This code can be used to preprocess AMI dataset for meeting summarization from scratch.
1. Get ACL 2018 Preprocessed Dataset
- Download files from ACL18-code.
- Copy files dascim-acl2018_abssumm-3ee827b34472/data/meeting/ami/* to ./data/acl18-ami/*.
- Copy files dascim-acl2018_abssumm-3ee827b34472/data/meeting/lists/list.ami, list.ami.train, list.ami.eval, list.ami.test to **./data/**.
Now, you will have data/acl18-ami/*, data/list.ami, data/list.ami.train, data/list.ami.eval and data/list.ami.test
- Download the AMI dataset from AMI manual annotations v1.6.2 and unzip it to ./data/. Finally you can get ./data/ami_public_manual_1.6.2/*, which contains original AMI files.
- Run
python delete_useless_files.py
python delete_useless_files.py: Following previous setting, we only use part of the meeting files, so we first filter out useless files. This script is used to extract words, topics and summaries according to the useful file list ./data/list.ami. Output files are in data/ami/words, data/ami/summary, data/ami/topics
- Run
python ami_preprocess.py, results are shown in data/ami/train, data/ami/valid, data/ami/test
python ami_preprocess.pywill first create dirs train,valid,test under data/ami/ and then extract speaker, time, utterance, topic from data/ami/words and data/ami/topics, in each line, the data format is speaker \t time \t utterance \t topic.

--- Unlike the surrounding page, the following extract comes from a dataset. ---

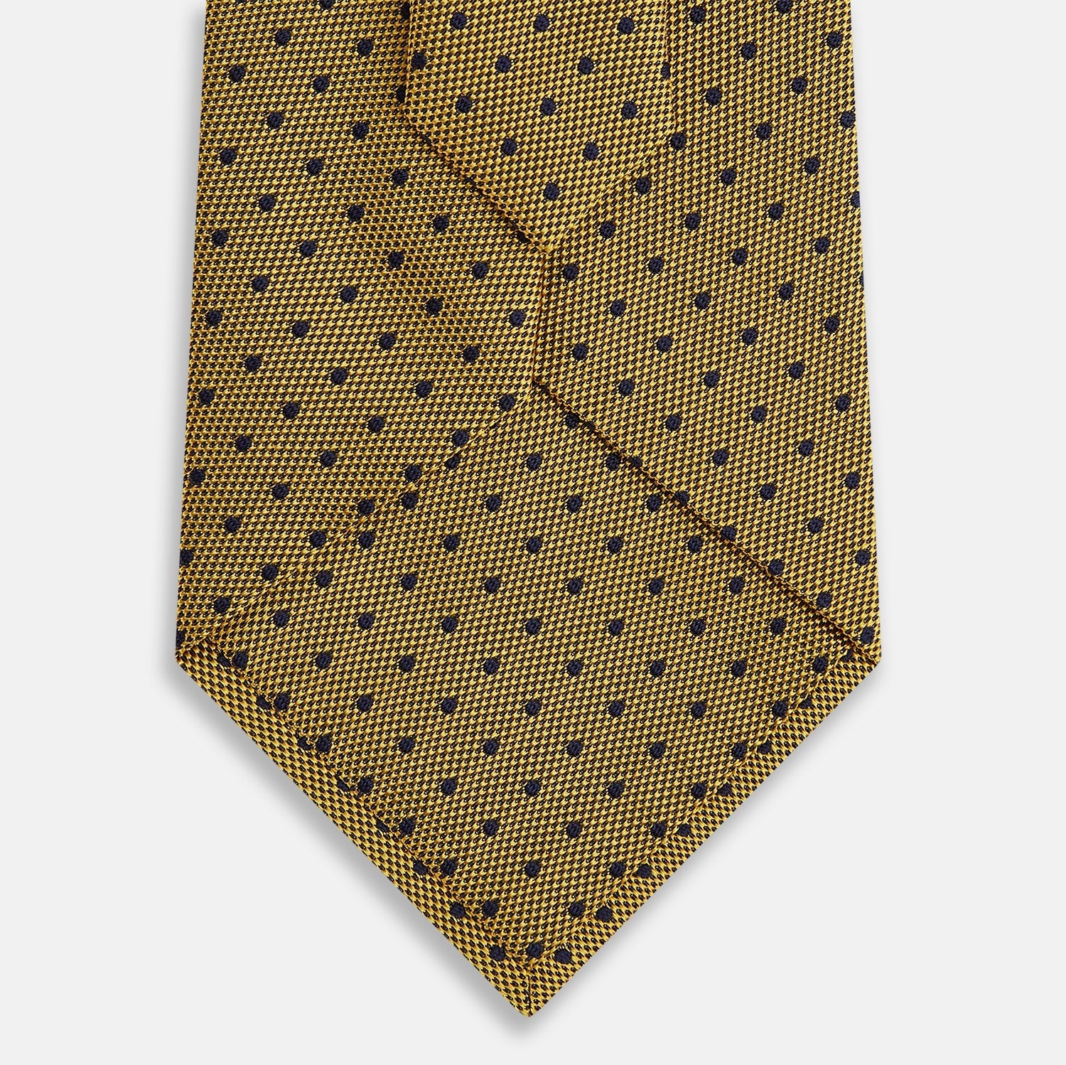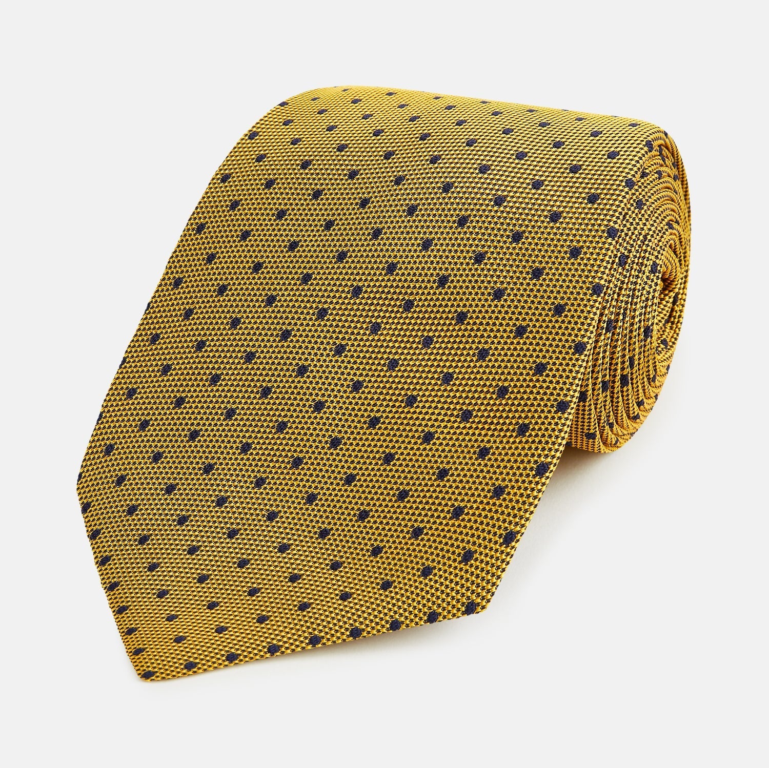 A handsome spotted silk tie is an essential addition to your wardrobe. This purple and yellow iteration is an enduring accessory for smarter attires. Complete it with your favourite crisp shirt for a look that commands attention.

- First copy stopwords from dascim-acl2018_abssumm-3ee827b34472/resources/stopwords/meeting/filler_words.en.txt to data/ami/stop_words.txt. Note that you should rename the file.
- Run
python create_clean_data.py.
create_clean_data.pywill first creat output dirs cleaned, cleaned/train, cleaned/valid, cleaned/test at data/ami/, then clean utterances.
- Run
python get_summary.py.
python get_summary.pywill create a output dir data/ami/final_summary and extract the summary from xml files for each meeting.
Now, you have meetings in data/ami/train, data/ami/valid, data/ami/test and also summaries in data/ami/final_summary.